Biological Functional and Pathway Analysis: we have software from Ingenuity Systems (IPA) that can analyze your expression data to ascertain the top biological functions and pathways associated with them.

Biological Literature Survey: we have software from Acumenta (Literature Lab) that helps perform data mining tasks on experimentally derived gene lists.

miRNA target prediction: we use in house software and open source software such as TargetScan, miRanda for detecting genomic targets for miRNAs.

Transcription Factor Binding Site Prediction: we use in house software and open source software such as MEME, Homer, PGMotifScan to identify protein DNA interaction sites.

University of Missouri

Informatics Institute: MUII’s mission has three components: education, research, and outreach. To have a global impact in advancing computational research in biology and medicine, the stakeholders across the University of Missouri System believe it is critical to the mission of the university and the development of the community to offer a doctoral program in informatics, build an international-level research program, and service to scientific communities for informatics needs. For information on the Core Faculty, see: http://muii.missouri.edu/people.php  MU faculty and students have developed a wide array of informatics tools and databases. Please see the listing at: http://muii.missouri.edu/resources.php

Informatics Research Core Facility: The mission of the IRCF is to facilitate research and education through the development of computational resources. Computational resource development ranges from software creation to database design to hardware configuration consulting. IRCF staff members are skilled in these activities and are available for a range of services. The IRCF is committed to serving the informatics needs of the research community. Learn more at http://ircf.RNet.missouri.edu:8000/.

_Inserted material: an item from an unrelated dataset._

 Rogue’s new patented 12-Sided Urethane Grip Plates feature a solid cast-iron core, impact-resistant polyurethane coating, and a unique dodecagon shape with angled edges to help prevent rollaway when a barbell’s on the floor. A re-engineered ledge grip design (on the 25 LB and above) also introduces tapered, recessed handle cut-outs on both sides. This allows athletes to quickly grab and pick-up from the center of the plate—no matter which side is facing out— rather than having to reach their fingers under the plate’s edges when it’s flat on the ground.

Bioinformatics Consortium: The University of Missouri Bioinformatics Consortium (UMBC) maintains a high performance computing, networking and storage infrastructure to support research across the UM-System. The UMBC provides centralized, high capacity data storage and analytical tools that can be used over high-speed Internet2 connections in support of research. The UMBC coordinates the provision of high-performance computational systems to analyze massive sets of data, very large storage devices to house major data collections, high speed networking services to facilitate location independent access and collaboration among investigators, software applications supporting system-wide computation research and technical support staff. Scalable high capacity storage is available to house many widely used and specialized genomic databases and analysis tools and packages to support the analysis needs of the research community. These systems, and various specialized laboratory equipment (e.g., high throughput sequencing systems and electron microscope), are connected via the 10G research network that is accessible to all four University campuses as well as the national Internet2 network and other international networks widely used by the higher education research community. For more information, see: http://umbc.rnet.missouri.edu/

MU is acquiring additional HPC resources. A significant upgrade to the ‘general purpose’ HPC cluster has been purchased, and will be installed in the weeks ahead. In addition, a cluster to meet the high-memory requirements of MU’s genomics researchers will be purchased soon. In addition, funds have been provided to purchase additional disk storage for research computing.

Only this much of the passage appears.